Segment Open

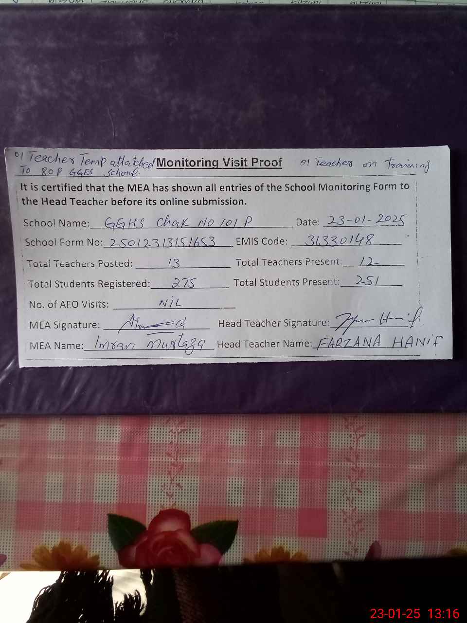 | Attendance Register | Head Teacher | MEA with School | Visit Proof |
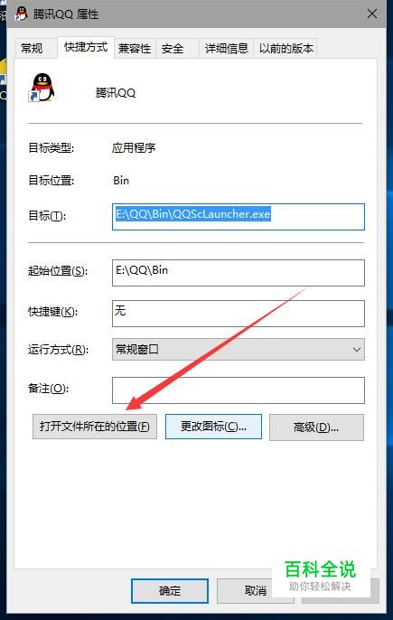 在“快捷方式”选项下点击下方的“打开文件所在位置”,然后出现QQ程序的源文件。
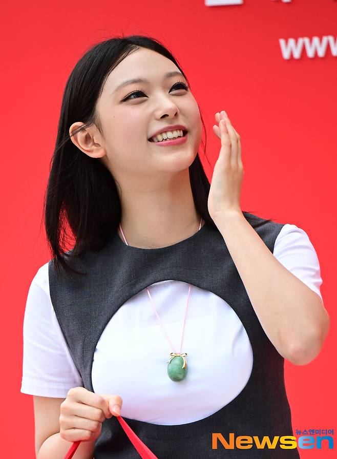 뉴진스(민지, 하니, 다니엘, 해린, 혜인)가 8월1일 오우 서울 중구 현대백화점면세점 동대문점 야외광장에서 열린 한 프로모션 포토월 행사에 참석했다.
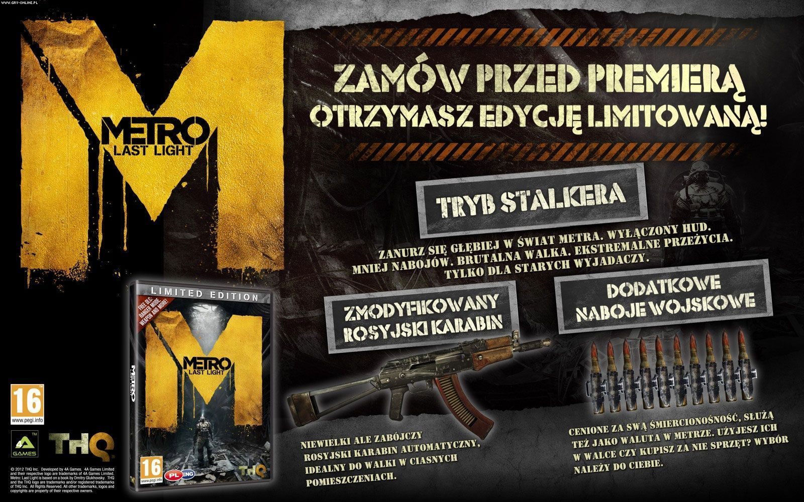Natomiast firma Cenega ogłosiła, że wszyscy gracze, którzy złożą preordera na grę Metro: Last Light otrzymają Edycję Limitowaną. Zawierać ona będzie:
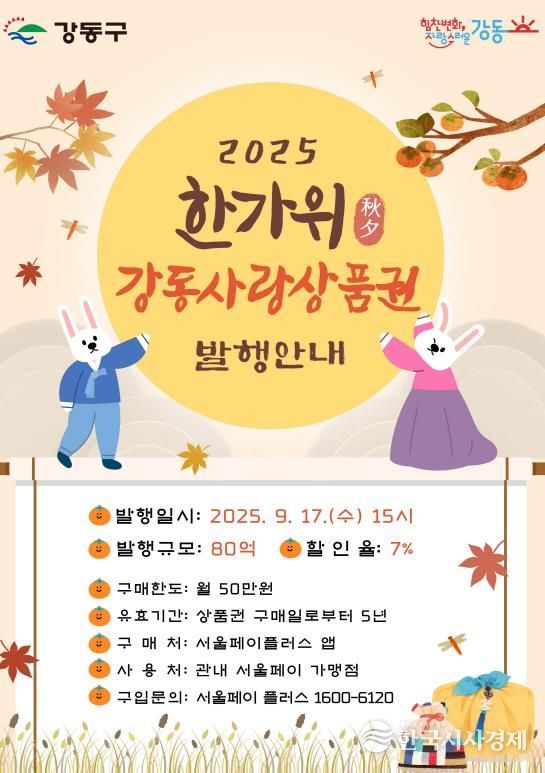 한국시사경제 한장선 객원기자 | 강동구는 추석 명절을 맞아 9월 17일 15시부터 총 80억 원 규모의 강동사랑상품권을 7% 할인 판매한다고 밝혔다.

Segment Closed

Every line of the data should be transcribed exactly. Omit the images.

 | Attendance Register | Head Teacher | MEA with School | Visit Proof |
 在“快捷方式”选项下点击下方的“打开文件所在位置”,然后出现QQ程序的源文件。
 뉴진스(민지, 하니, 다니엘, 해린, 혜인)가 8월1일 오우 서울 중구 현대백화점면세점 동대문점 야외광장에서 열린 한 프로모션 포토월 행사에 참석했다.
Natomiast firma Cenega ogłosiła, że wszyscy gracze, którzy złożą preordera na grę Metro: Last Light otrzymają Edycję Limitowaną. Zawierać ona będzie:
 한국시사경제 한장선 객원기자 | 강동구는 추석 명절을 맞아 9월 17일 15시부터 총 80억 원 규모의 강동사랑상품권을 7% 할인 판매한다고 밝혔다.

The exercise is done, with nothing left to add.